Почему не ходит Норман, это еще можно понять.
Дверь распахнулась, и в комнату вошла вызывающего вида, развязная, пышущая здоровьем молодая негритянка.
— Почта есть? — спросила она.
Все четверо почувствовали, какими они должны выглядеть в ее глазах. Эдвин, наверно, крупный, лысый, с розоватым лицом, Норман маленький, сухенький, седина точно щетка, Марсия, как всегда какая-то чудная, Летти поблекшая, с пушистыми волосами, на вид такая провинциалка, а все еще печется о своих нарядах.

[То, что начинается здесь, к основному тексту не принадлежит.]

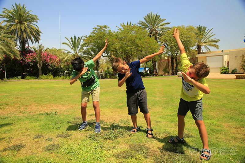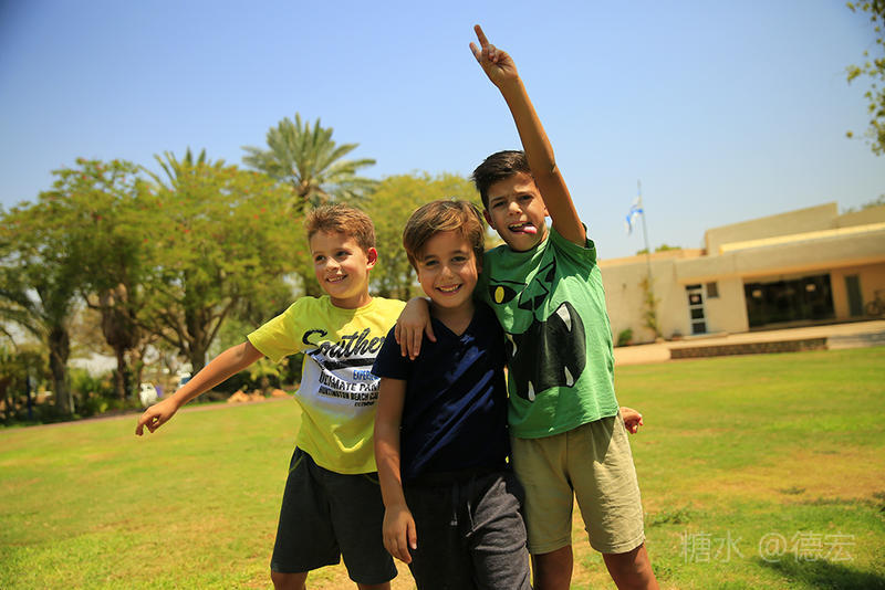 卡里亚的基布兹像个大花园。在这干燥、缺水的地方,能养护这一大片公共绿地,没有一点经济实力是绝对办不到的。 家家庭院都是开放式的。看得出家家户户生活安逸,孩子们快乐无比。
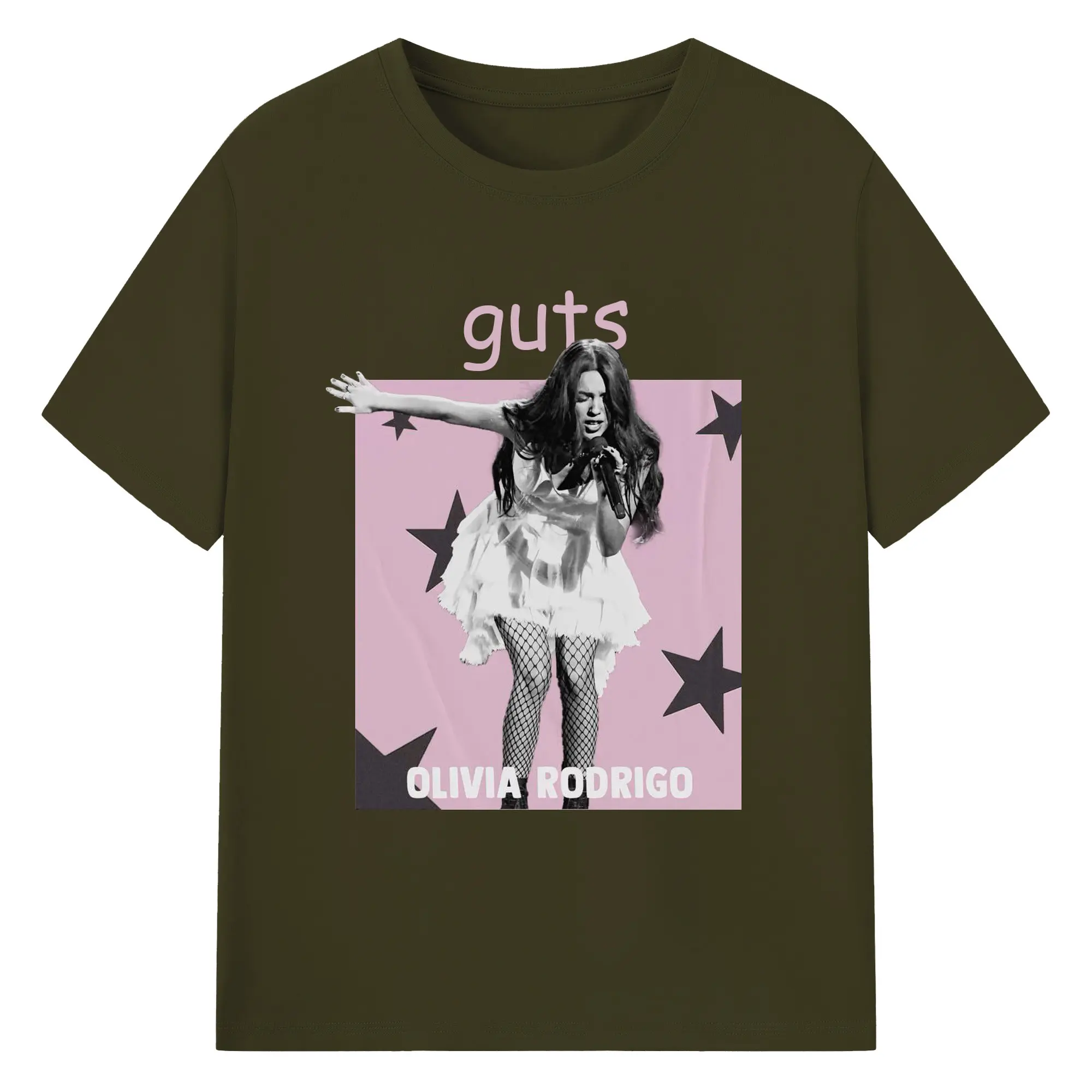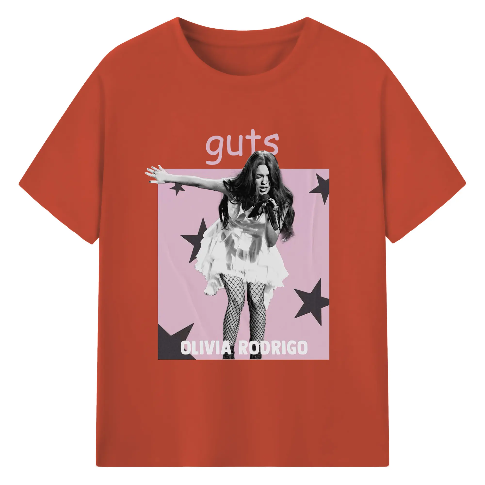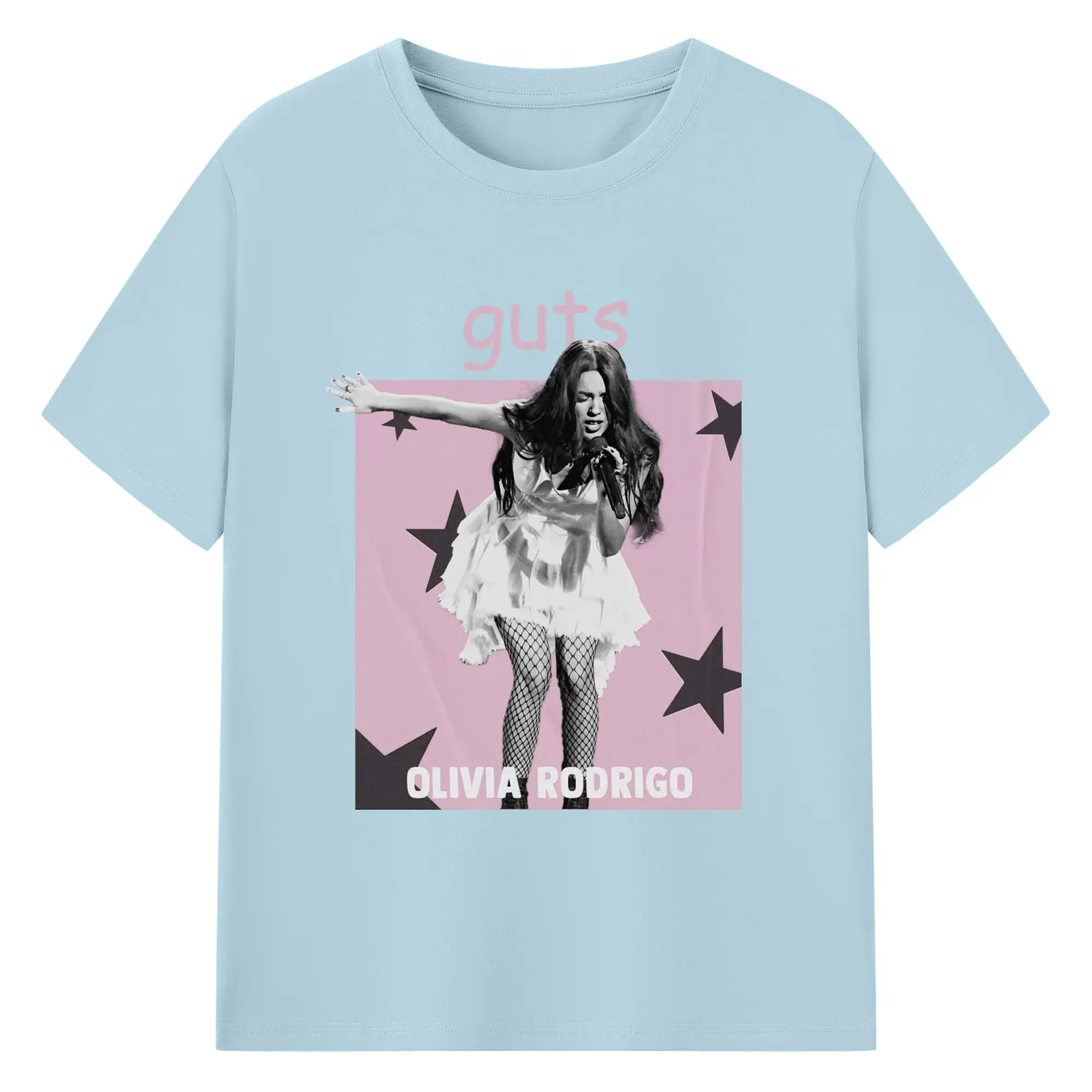 Olivia Rodrigo Guts Album DIY - 180g Cotton T-Shirt With Front Heat Transfer Print – Soft, Lightweight, Fitted Design – Comfortable Casual Wear For Sports & Everyday Use

— Почта? — заговорил Эдвин, первым откликнувшись на вопрос девушки. — Да нет, Юлалия. Почту мы раньше половины четвертого не сдаем, а сейчас… — он сверился со своими часами, — …сейчас точно два часа сорок две минуты. Хитрит, авось получится, — сказал он, когда потерпевшая неудачу девушка вышла.
— Норовит удрать пораньше, лентяйка такая-сякая, — сказал Норман.
Марсия устало закрыла глаза, когда Норман начал прохаживаться насчет «черных». Летти попробовала переменить тему разговора, ей было неприятно осуждать Юлалию или заслужить обвинение в неприязни к цветным. Но все же эта девица вызывала раздражение, и ее не мешало бы одернуть, хотя в такой бьющей через край жизнестойкости, несомненно, было что-то беспокоящее, особенно на взгляд пожилой женщины, которая чувствует себя рядом с ней еще более седой и какой-то выпотрошенной, иссохшей на слабеньком английском солнце.